He had returned to the Blackfriars in time for the midday meal, to find Alys still absent about the town somewhere and the men with no idea where she had gone. After they had eaten he had set all three of them to talk to the lay servants and the outdoor men, hoping that Brother Dickon would enlist Euan’s help at something backbreaking if he approached him, and repaired to the Prior’s study to report what progress he had made. It seemed remarkably little, particularly since he had suppressed any mention of the contents of Andrew Rattray’s linen bundle.

‘Should we have them in together?’ he continued now. ‘This would avoid any appearance of favouring one party or the other.’

Thomas Wilson and Alexander Raitts, summoned by a servant, jostled each other through the doorway, glaring sideways and both breathing hard, but they were sufficiently wise in their Order to maintain the silence they had been commanded to keep. Gil studied them as they took up an appropriately humble stance before their Prior, heads bent, hands tucked into their sleeves. He recognised Wilson now as one of the friars he had seen about the place, a broad-shouldered, broad-faced man with a pleasant smile and calculating eyes, who seemed much more composed than his companion. Raitts’s fingers were twitching inside his sleeves, perhaps drumming on the opposing wrists, making the heavy wool quiver. His nostrils were twitching as well. Both men were somewhat battle-scarred; Wilson bore a scabbed bruise on his cheekbone, and Raitts sported a magnificent black eye and a split lip.
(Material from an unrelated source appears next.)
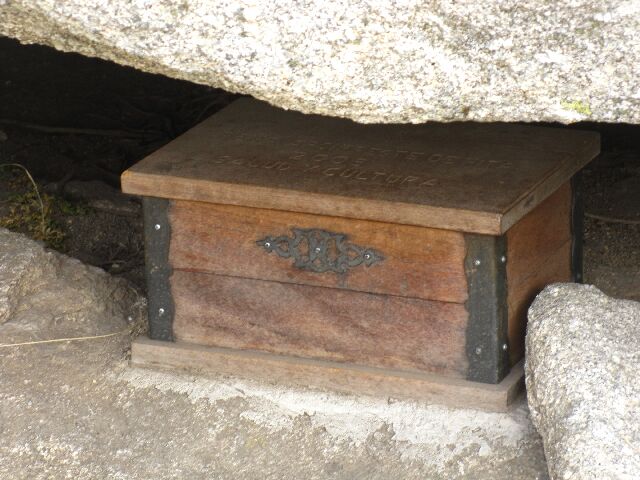 | Cofre que contiene un ejemplar del Libro del Buen Amor y firmas recuerdo de anteriores visitantes. |

Prior David delivered himself of a brief but pungent speech, reminding them of the value of truth, brotherly affection, and the stability of the Order, and instructing them to speak one at a time in answer to Maister Cunningham’s questions. Raitts shivered at that, and clasped his hands tightly; Wilson raised his head and looked at Gil, frowning slightly.

‘Gentlemen,’ said Gil, arranging his thoughts. ‘You mind I’m here to investigate the matter of Leonard Pollock’s disappearance.’ Wilson nodded. Raitts scowled. ‘I’m asked of your Prior,’ he bowed slightly towards his kinsman, ‘to consider the death o Andrew Rattray as well. I wasny at the Chapter of Faults when I’m told you accused each the other o causing these events. I want to hear all you ken that prompted you to say sic a thing.’ He pointed at Raitts. ‘In the order o the alphabet, you first.’

Wilson stiffened, and swallowed, but said nothing. Raitts stared from Gil to his Prior and back, looking appalled.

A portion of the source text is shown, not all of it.